▶ [EXERCISE AIM]: The copy must match the data below line for line and contain no images.

▶ [RECORDED INFORMATION]:
=-=-=

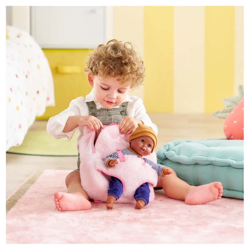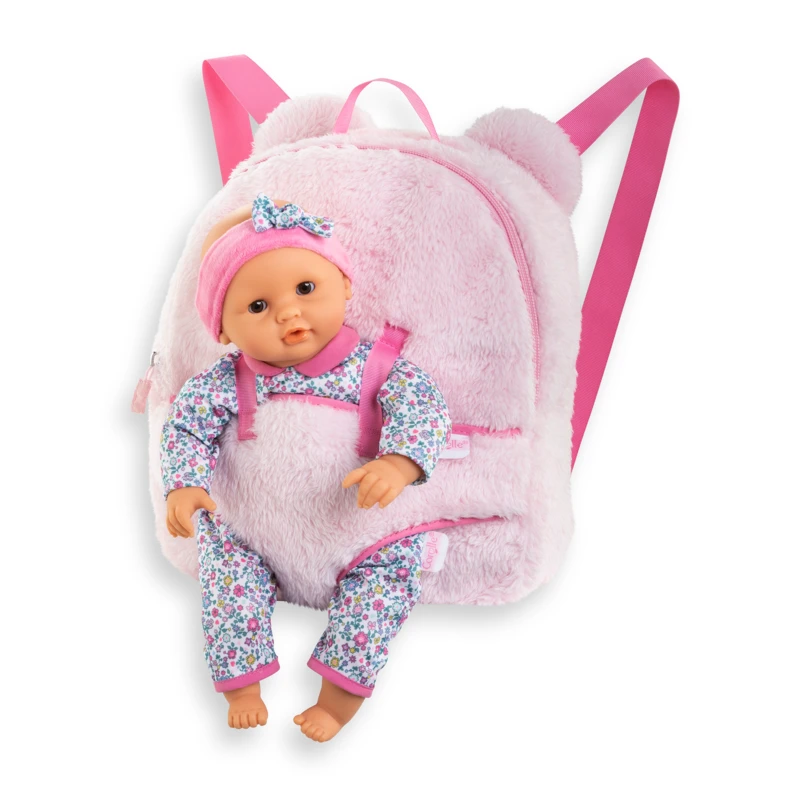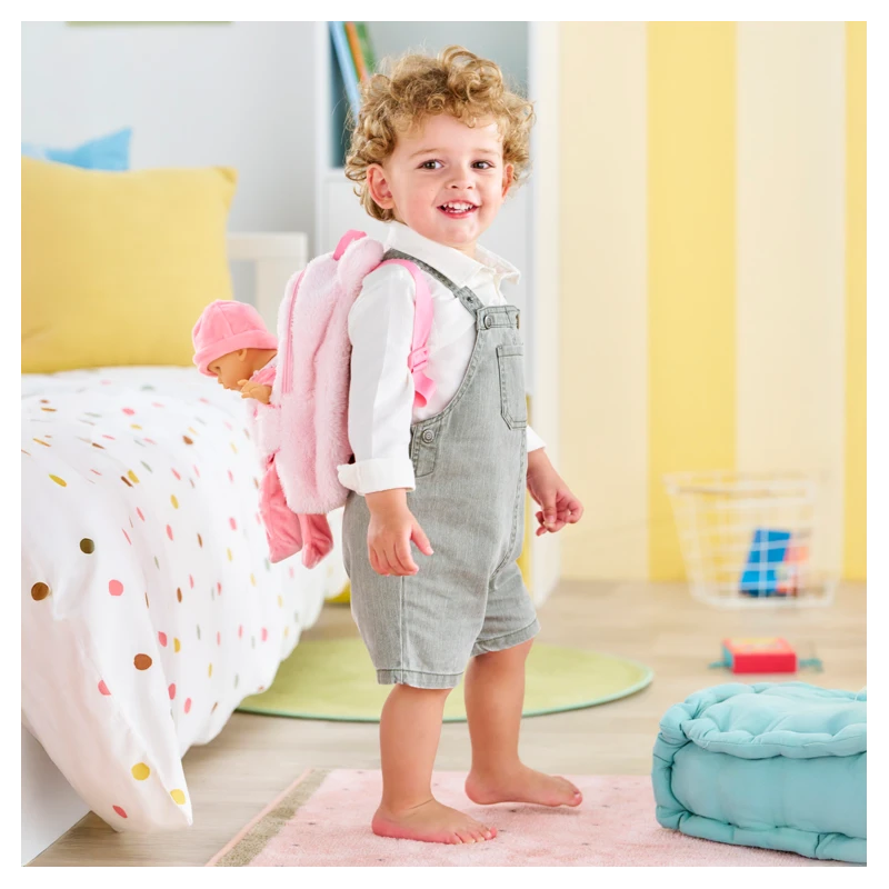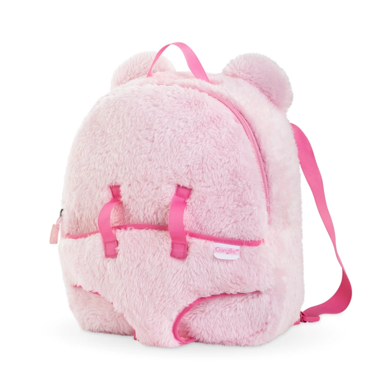 Le Sac à Dos Porte-Poupon Peluche Rose est très pratique, il permet de partir découvrir le monde avec son petit poupon de 30 cm bien calé grâce aux passants équipés de bandes agrippantes, et de ranger toutes ses affaires.
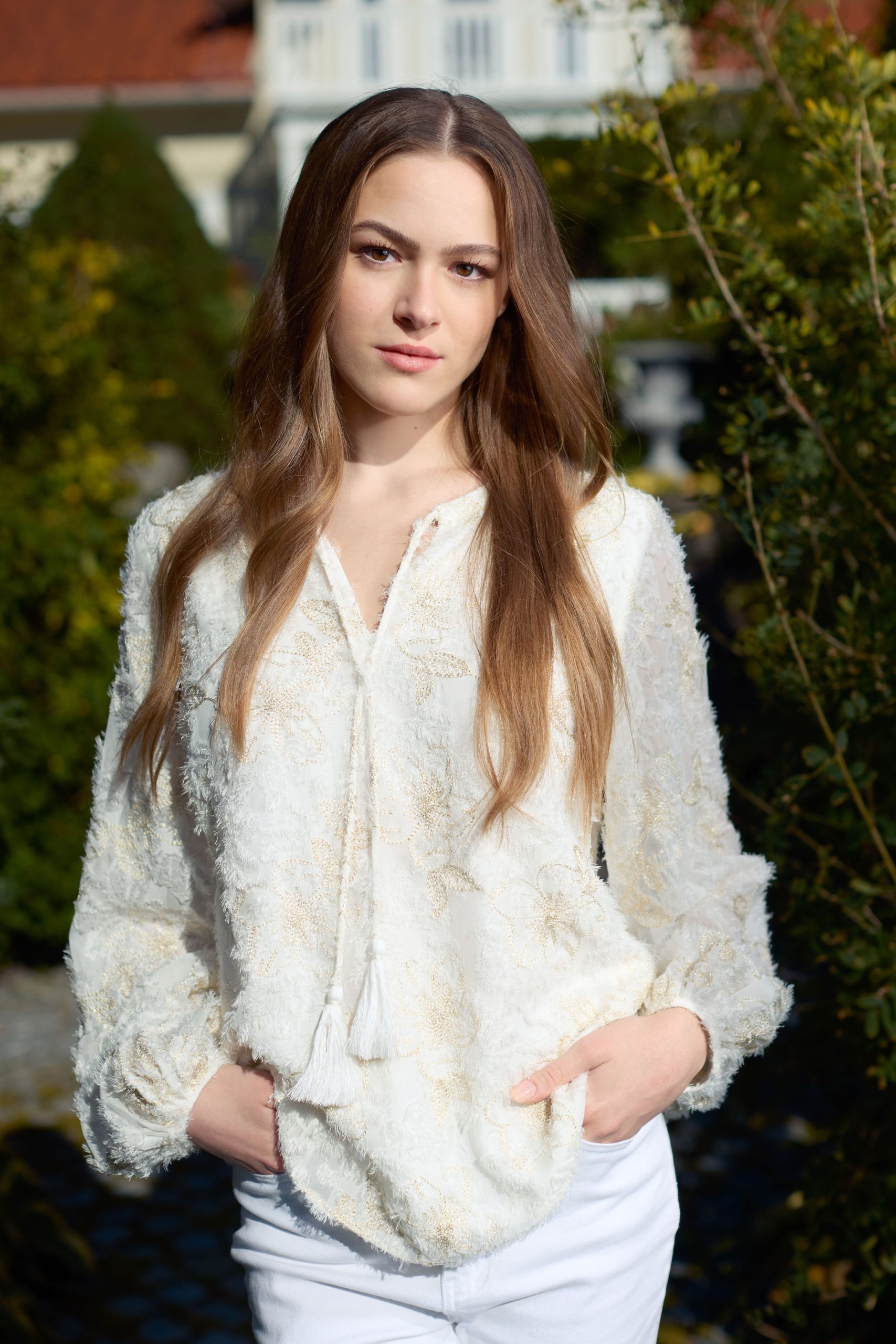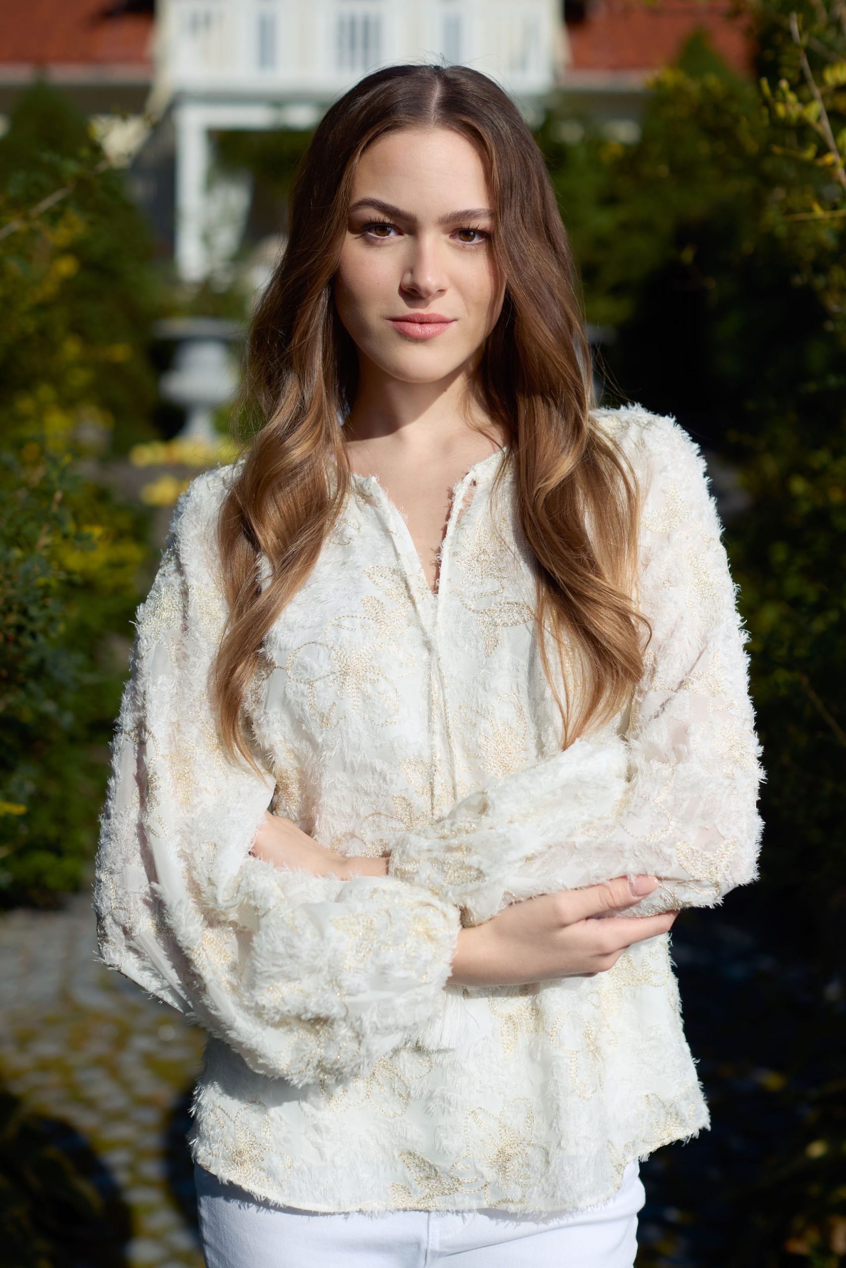 En feminin og elegant bluse fra Haust Collection. Blusen har en avslappet passform med lange ermer og knyting i halsen, som tilfører et mykt og romantisk preg. Det fine mønsteret gir tekstur og dybde, og gjør blusen til et iøynefallende innslag i garderoben.
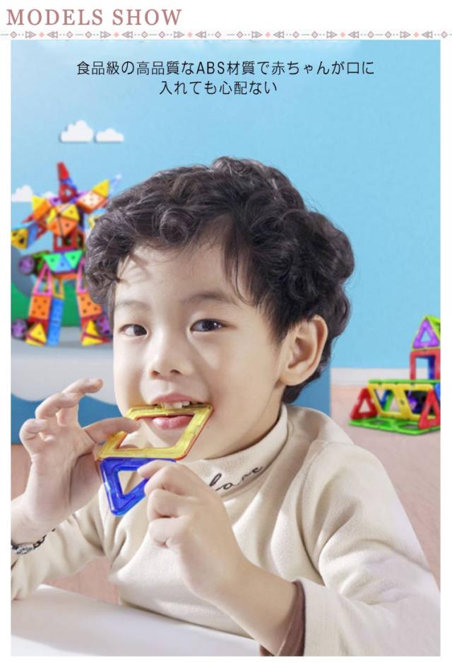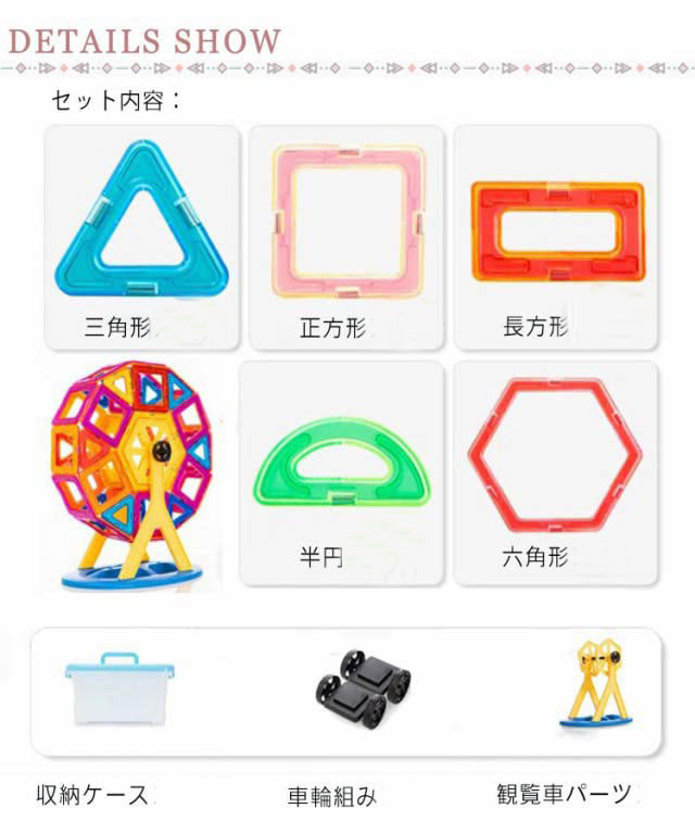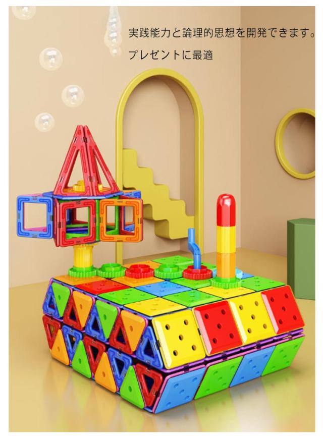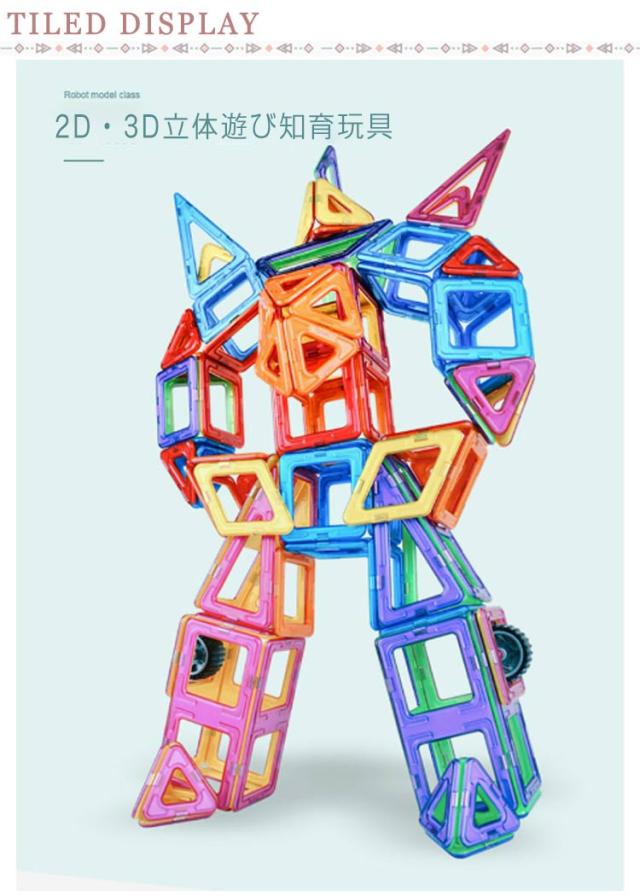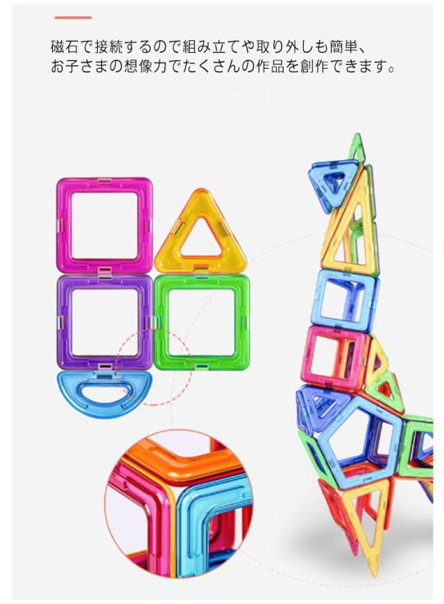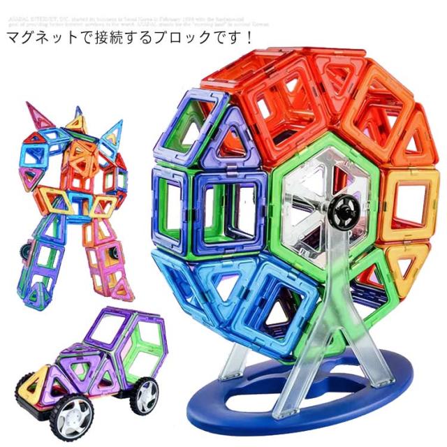 | マグネットで接続するブロックです! 作りたいカタチの図形をイメージし、それを実際にブロックで創作することによって平面図から立体物を作る感覚や想像力が養われます。 磁石で接続するので組み立てや取り外しも簡単、お子さまの想像力でたくさんの作品を創作できます。 | |

=-=-=

▶ [RESPONSE TO THIS TASK]:
 Le Sac à Dos Porte-Poupon Peluche Rose est très pratique, il permet de partir découvrir le monde avec son petit poupon de 30 cm bien calé grâce aux passants équipés de bandes agrippantes, et de ranger toutes ses affaires.
 En feminin og elegant bluse fra Haust Collection. Blusen har en avslappet passform med lange ermer og knyting i halsen, som tilfører et mykt og romantisk preg. Det fine mønsteret gir tekstur og dybde, og gjør blusen til et iøynefallende innslag i garderoben.
 | マグネットで接続するブロックです! 作りたいカタチの図形をイメージし、それを実際にブロックで創作することによって平面図から立体物を作る感覚や想像力が養われます。 磁石で接続するので組み立てや取り外しも簡単、お子さまの想像力でたくさんの作品を創作できます。 | |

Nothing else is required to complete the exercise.